LeetCode刷题实战139:单词拆分
共 1175字,需浏览 3分钟
·
2020-12-30 17:01
Given a non-empty string s and a dictionary wordDict containing a list of non-empty words, determine if s can be segmented into a space-separated sequence of one or more dictionary words.
Note:
The same word in the dictionary may be reused multiple times in the segmentation.

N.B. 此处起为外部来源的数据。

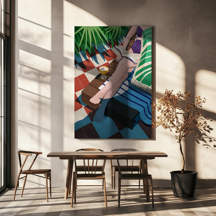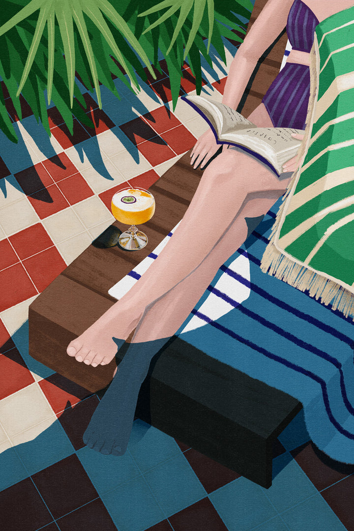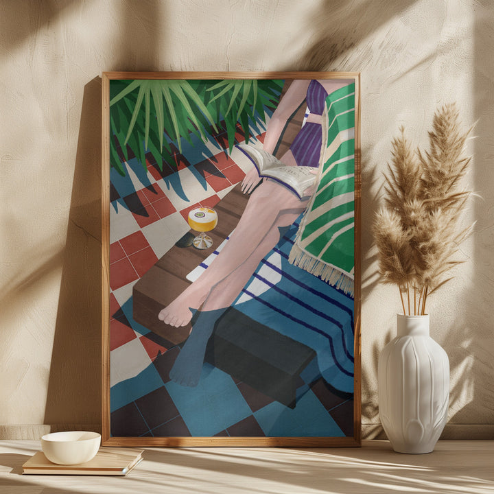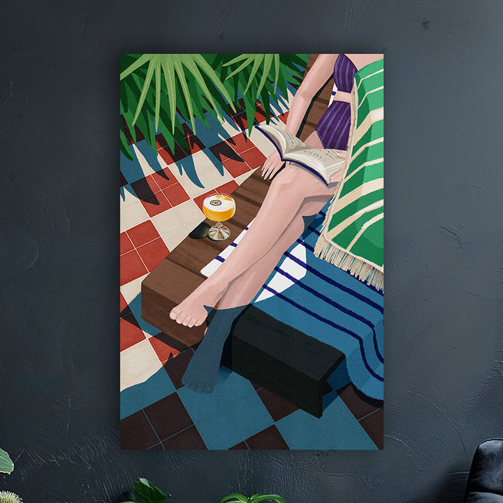 Deze wanddecoratie brengt het ultieme zomergevoel in huis: een vrouw ontspant met een goed boek en een cocktail aan het zwembad, omringd door strand, zon en relaxte vibes. Perfect voor een coastal of moderne interieurstijl, deze print ademt vakantie, rust en genieten van het moment uit.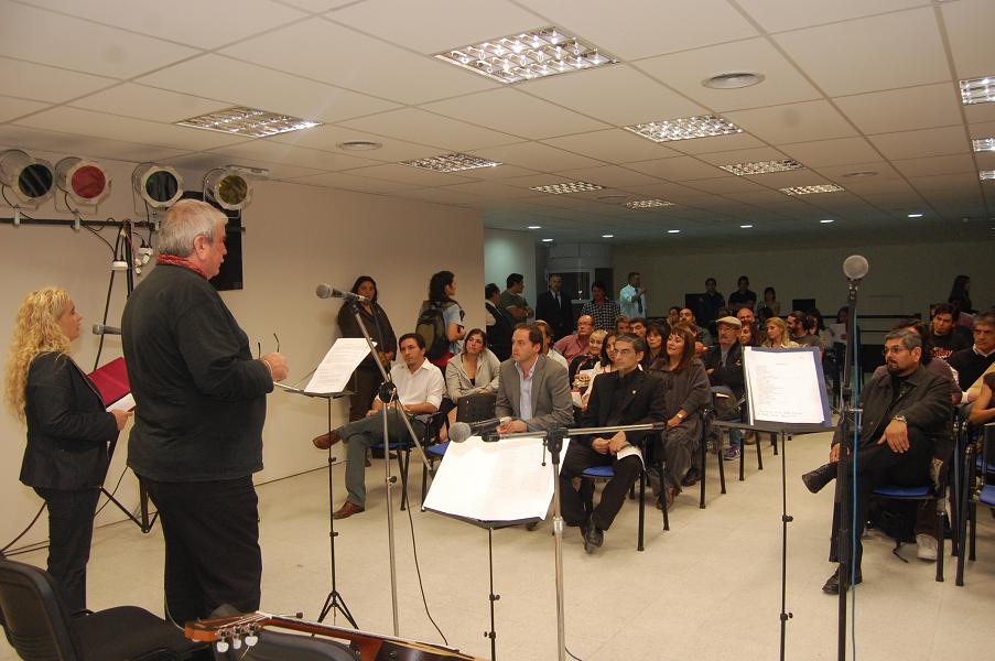 Héctor Pianetti en representación de los actores fue el encargado de dirigirse al público presente, “Nosotros somos actores, constructores de la palabra, a través de nuestra profesión, nuestra herramienta, nuestro instrumento, le dedicamos este pequeño homenaje”. De esa manera y a través de una perfecta combinación de canciones y poemas, junto a la melodía de Federico Miranda, el actor inicio junto a Roberto Alvarenga y Mariela Sosa, una obra teatral “La palabra” para el público presente.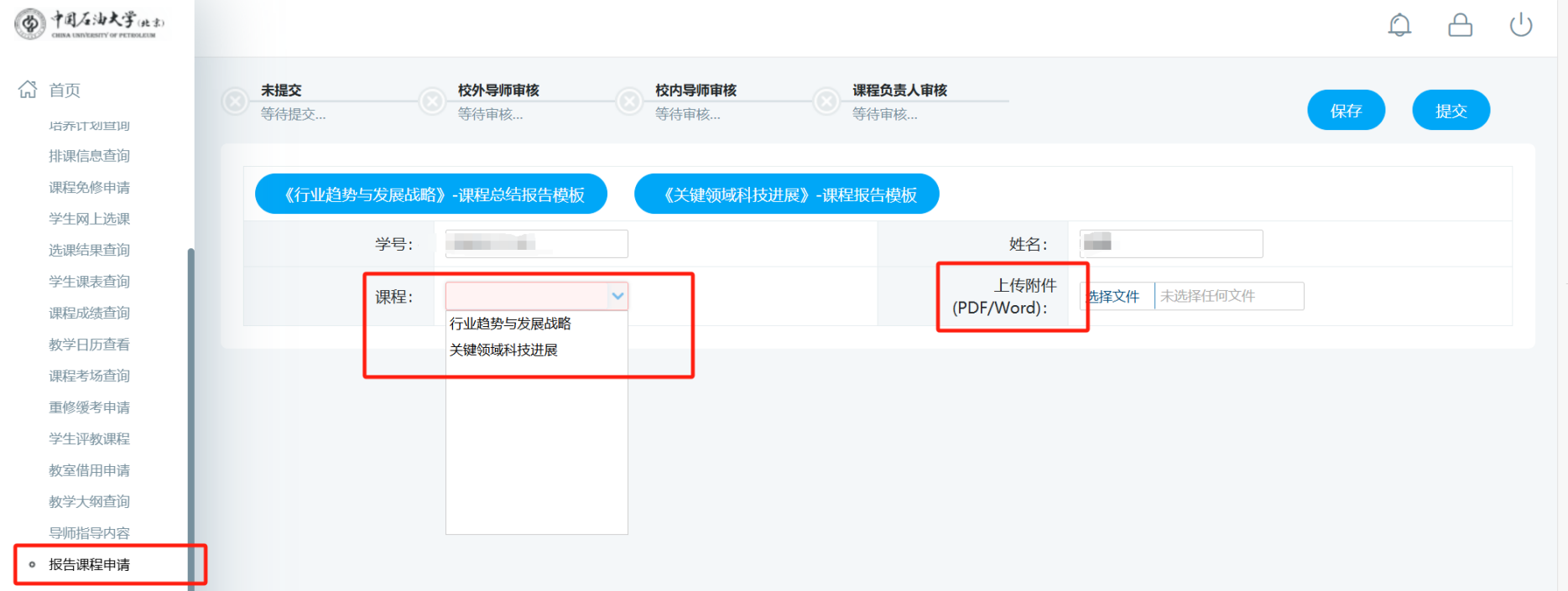 学生可在系统【培养管理】—【报告课程申请】模块中,下载报告模板并上传报告,由校外导师、校内导师和课程负责人审核。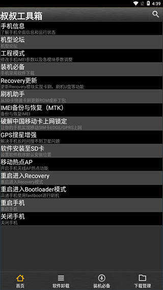 1、移动叔叔工具箱是Android是由Mobile Uncle ROM集团发布的工具软件

You may assume the dictionary does not contain duplicate words.
题意
示例 1:
输入: s = "leetcode", wordDict = ["leet", "code"]
输出: true
解释: 返回 true 因为 "leetcode" 可以被拆分成 "leet code"。
示例 2:
输入: s = "applepenapple", wordDict = ["apple", "pen"]
输出: true
解释: 返回 true 因为 "applepenapple" 可以被拆分成 "apple pen apple"。
注意你可以重复使用字典中的单词。
示例 3:
输入: s = "catsandog", wordDict = ["cats", "dog", "sand", "and", "cat"]
输出: false
解题
class Solution {
public:
bool wordBreak(string s, vector<string>& wordDict) {
vector<int> dp(s.size()+1, 0);
dp[0] = 1;
unordered_set<string> st(wordDict.begin(), wordDict.end());
for(int i = 1; i <= s.size(); i++)
{
for(int j = 0; j < i; j++)
{
auto pos = st.find(s.substr(j, i-j));
if(dp[j] && pos != st.end())
{
dp[i] = 1;
break;
}
}
}
return dp[s.size()];
}
};